━━ Dataset entries

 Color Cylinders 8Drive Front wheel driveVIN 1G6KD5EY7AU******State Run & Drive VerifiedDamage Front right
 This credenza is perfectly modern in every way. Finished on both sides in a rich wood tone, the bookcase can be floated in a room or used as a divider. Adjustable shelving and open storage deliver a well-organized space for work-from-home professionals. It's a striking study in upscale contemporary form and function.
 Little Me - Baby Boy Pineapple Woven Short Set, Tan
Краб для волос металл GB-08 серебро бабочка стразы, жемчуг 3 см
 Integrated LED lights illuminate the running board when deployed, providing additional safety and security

━━━━
━━ Dataset entries

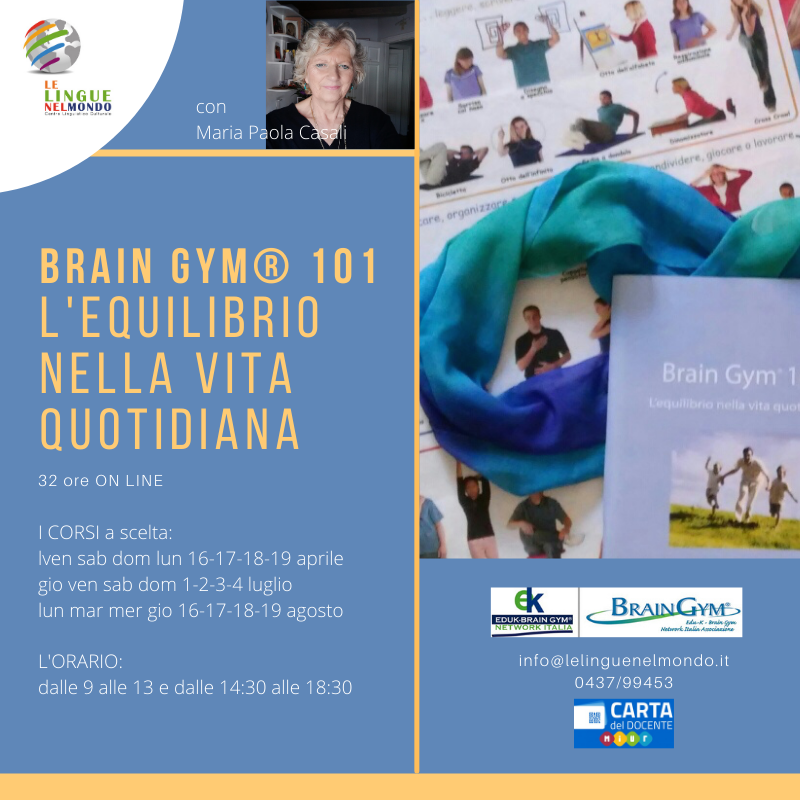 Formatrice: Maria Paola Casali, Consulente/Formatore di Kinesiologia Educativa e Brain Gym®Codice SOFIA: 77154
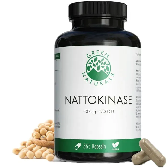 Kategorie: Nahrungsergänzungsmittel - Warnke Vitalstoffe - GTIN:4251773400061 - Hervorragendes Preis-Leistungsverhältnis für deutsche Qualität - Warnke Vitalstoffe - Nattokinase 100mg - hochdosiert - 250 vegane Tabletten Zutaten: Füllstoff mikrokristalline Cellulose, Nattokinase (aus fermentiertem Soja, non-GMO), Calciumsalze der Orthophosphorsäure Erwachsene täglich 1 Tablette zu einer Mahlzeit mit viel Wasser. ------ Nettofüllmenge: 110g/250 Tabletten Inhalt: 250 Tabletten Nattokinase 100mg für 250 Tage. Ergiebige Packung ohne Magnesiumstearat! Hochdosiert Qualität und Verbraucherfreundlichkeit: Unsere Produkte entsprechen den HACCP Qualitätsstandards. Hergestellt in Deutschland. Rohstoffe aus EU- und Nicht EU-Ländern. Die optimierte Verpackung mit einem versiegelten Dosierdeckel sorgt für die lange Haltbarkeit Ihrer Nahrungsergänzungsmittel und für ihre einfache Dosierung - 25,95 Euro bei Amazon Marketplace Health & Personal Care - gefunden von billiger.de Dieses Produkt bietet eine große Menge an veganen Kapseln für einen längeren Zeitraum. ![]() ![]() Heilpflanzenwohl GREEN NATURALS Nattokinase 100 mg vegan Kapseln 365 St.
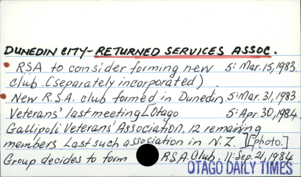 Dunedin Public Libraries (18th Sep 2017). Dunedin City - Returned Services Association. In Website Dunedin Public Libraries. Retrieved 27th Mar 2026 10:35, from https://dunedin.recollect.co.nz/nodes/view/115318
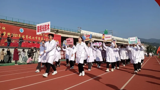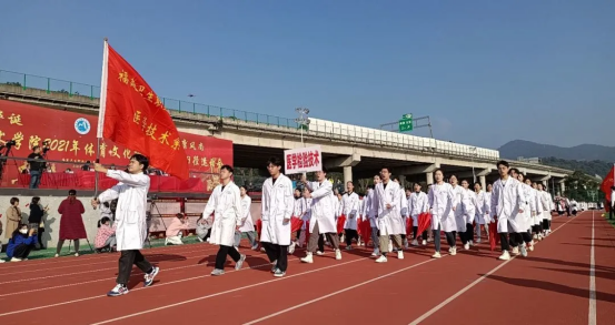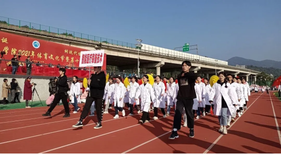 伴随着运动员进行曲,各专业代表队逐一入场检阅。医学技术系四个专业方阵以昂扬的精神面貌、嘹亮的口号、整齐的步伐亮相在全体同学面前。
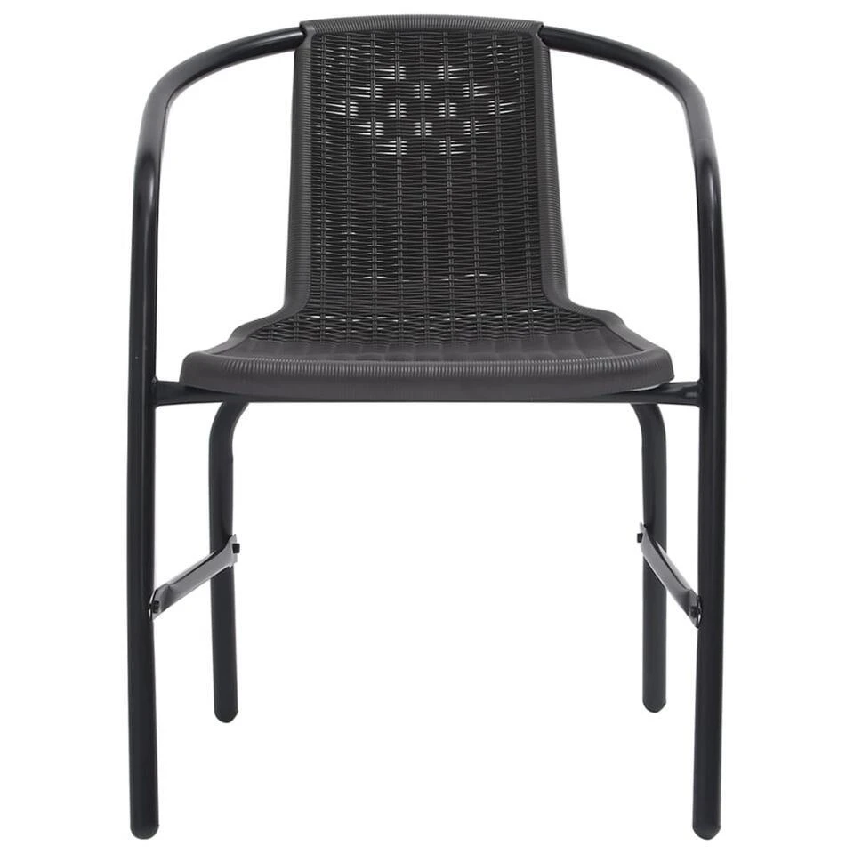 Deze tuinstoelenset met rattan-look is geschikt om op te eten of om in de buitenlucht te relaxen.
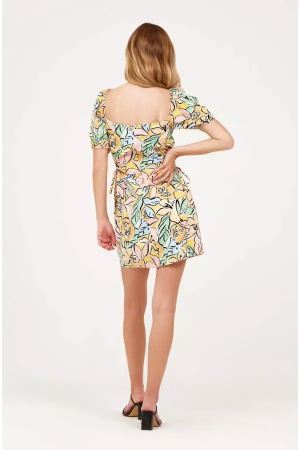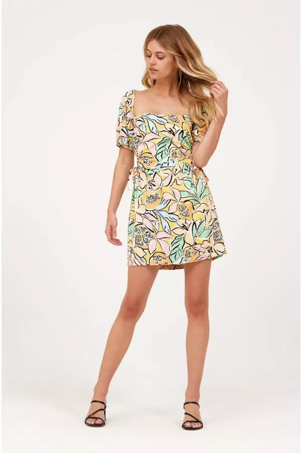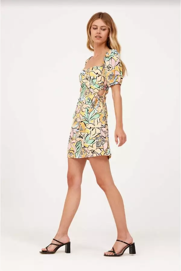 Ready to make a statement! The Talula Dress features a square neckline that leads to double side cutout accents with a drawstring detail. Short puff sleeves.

━━━━

*What is required*.
From the records above, transcribe without alteration every line from the one with "Little Me - Baby" to the one with "Integrated LED lights", inclusive.

*Task answer*.
 Little Me - Baby Boy Pineapple Woven Short Set, Tan
Краб для волос металл GB-08 серебро бабочка стразы, жемчуг 3 см
 Integrated LED lights illuminate the running board when deployed, providing additional safety and security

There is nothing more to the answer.